Ticketmaster has been caught in a wave of bad headlines this week following the report exposing a number of pro-broker policies in place within the company’s resale operation. While some were fairly well-known industry practices, others were jaw-dropping, particularly a hidden camera recording of a TM resale salesperson discussing how the company turns a blind eye to behavior by ticket brokers which violate the terms of service of the company’s primary box office operations, so long as they are listing tickets for resale on TM’s platform.

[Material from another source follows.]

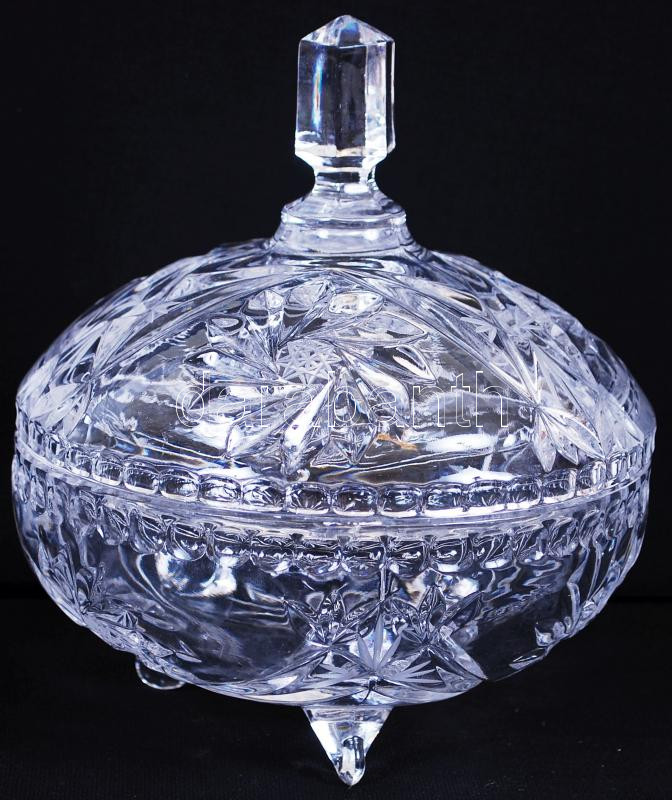 Kristály bonbonier, csiszolt, metszett, hámozott, hibátlan, m:17 cm, d...

The Live Nation-owned ticketing company, which has long been a lightning rod for consumer anger in the ticketing ecosystem, issued a strong statement Thursday denying the most damning parts of the story and saying it was reviewing its policies regarding resale. But the emergence of the potential pending litigation shows that in a certain sense, major damage may already be done.

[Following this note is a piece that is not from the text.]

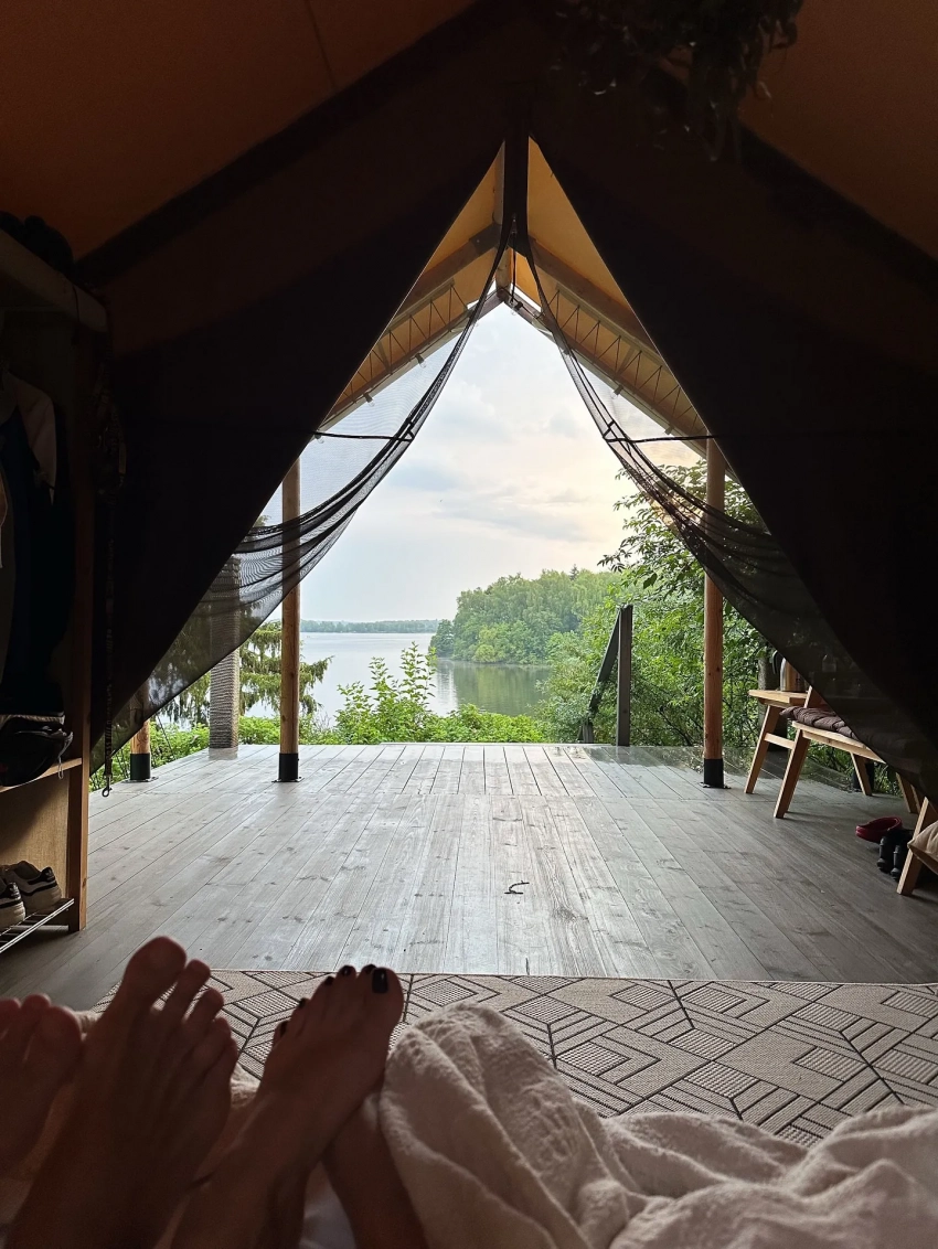На снимках 37-летняя актриса позирует на фоне природы и реки. Также Асмус добавила фотографию из кровати вместе с новым бойфрендом, а также его фото со спины. Его лица Кристина не показала и не раскрыла личность.

Thursday saw a report out by CTV Regina detailing how Tony Merchant is launching one lawsuit against Ticketmaster and Live Nation alleging the companies mislead consumers on ticket prices. He told reporters that damages to Canadians could reach figures in excess of $100 million (CAD, presumably).

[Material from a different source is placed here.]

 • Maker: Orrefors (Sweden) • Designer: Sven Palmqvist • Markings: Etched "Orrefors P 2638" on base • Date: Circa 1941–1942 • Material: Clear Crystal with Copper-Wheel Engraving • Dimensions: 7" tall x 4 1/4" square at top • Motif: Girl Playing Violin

On Friday afternoon, TicketNews received a tip regarding a website set up by Hagens Berman Sobol Shapiro, a class-action litigation firm with offices in nine U.S. cities including Los Angeles (near Live Nation’s Beverly Hills corporate headquarters). That website seeks information from consumers who feel they may have been harmed by “the wrongdoing and profiteering” it believes may have occurred. It has a form for individuals to fill out requesting contact information, whether or not they have purchased tickets to a show via Ticketmaster’s resale operations, and in what state.
A message seeking clarification on the current status of whether a lawsuit has been filed has not received a response as of Friday evening.
Live Nation and Ticketmaster are no strangers to litigation over their practices in the ticketing ecosystem. One such lawsuit, Schlesinger v. Ticketmaster, was filed in 2003 over what it claimed was inadequate disclosures over processing fees and UPS shipping fees and settled a decade later. Consumers who purchased tickets between October 21, 1999 and February 27, 2013, have since been entitled to vouchers good for free or reduced-price seats to events at Live Nation venues and UPS shipping for purchases from the company.
More recently, Canada’s Competition Bureau filed suit against the companies for what it calls “drip pricing” – the practice of disclosing fees deep in the transaction process that greatly inflate the price after a consumer has effectively committed to a purchase. A class-action suit followed that closely. The company has also seen calls by New Jersey Rep. Bill Pascrell, Jr. for a “crackdown” due to what he calls monopolistic practices, which came in the wake of a New York Times report earlier this year outlining allegations of anti-competitive practices by Live Nation that would violate a consent decree it entered as a condition of the approval of its merger with Ticketmaster a decade ago.
We will update this story with additional information as it becomes available.